Ознакомительная версия.
Я надел рубашку и красные брюки, вернулся в спальню и упал на кровать. Через некоторое время я почувствовал сильную слабость и потерял сознание. Не знаю, как долго я оставался в таком состоянии, но открыв глаза, увидел хозяйку дома, служанку, и двоих солдат из тех, кто поселился раньше меня. До них дошёл слух, что со мной что-то случилось, но это была лишь сильная слабость, вызванная горячей ванной, перенесёнными страданиями и усталостью.

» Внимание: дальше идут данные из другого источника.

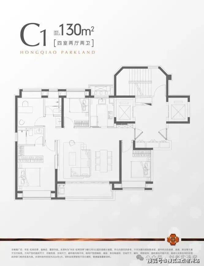 总价仅约735万起的建面约130m²四房户型,可以说是外环外改善置业王炸产品!
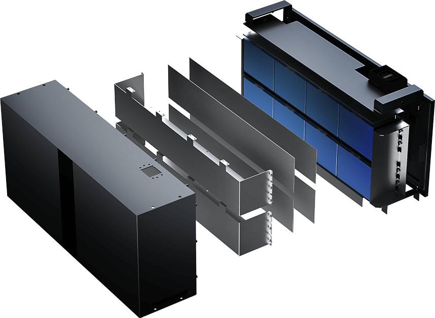 Unser Heimspeichersystem nutzt ein stapelbares, modular aufgebautes Design. Durch die Parallelschaltung der Batterien können Systemspannung und -kapazität flexibel erweitert werden. Es unterstützt die Erweiterung mit mehreren Batterie-Schränken und ist zudem mit gängigen Wechselrichtern kompatibel – für eine echte Plug-and-Play-Installation.

Мадам Жантиль – так звали эту даму – покормила меня бульоном, поддерживая мою голову левой рукой. Я не сопротивлялся – давно уже за мной так не ухаживали. Мадам Жантиль была удивительно красива: стройная, изящная, тёмные глаза, цвет кожи, как у красавиц из северных провинций. Ей исполнилось двадцать четыре года, я слышал, что она замужем за французом – она подтвердила, что так оно и есть. Она рассказывала:
– В 1807 году из Данцига[106] в Элбинг пришёл большой обоз раненых французов. Поскольку мест в больнице уже не было, новоприбывших расквартировали среди местных жителей. А у нас поселили раненого пулей гусара. А ещё у него на левой руке была рана от сабельного удара. Моя мать и я ухаживали за ним – вскоре он поправился.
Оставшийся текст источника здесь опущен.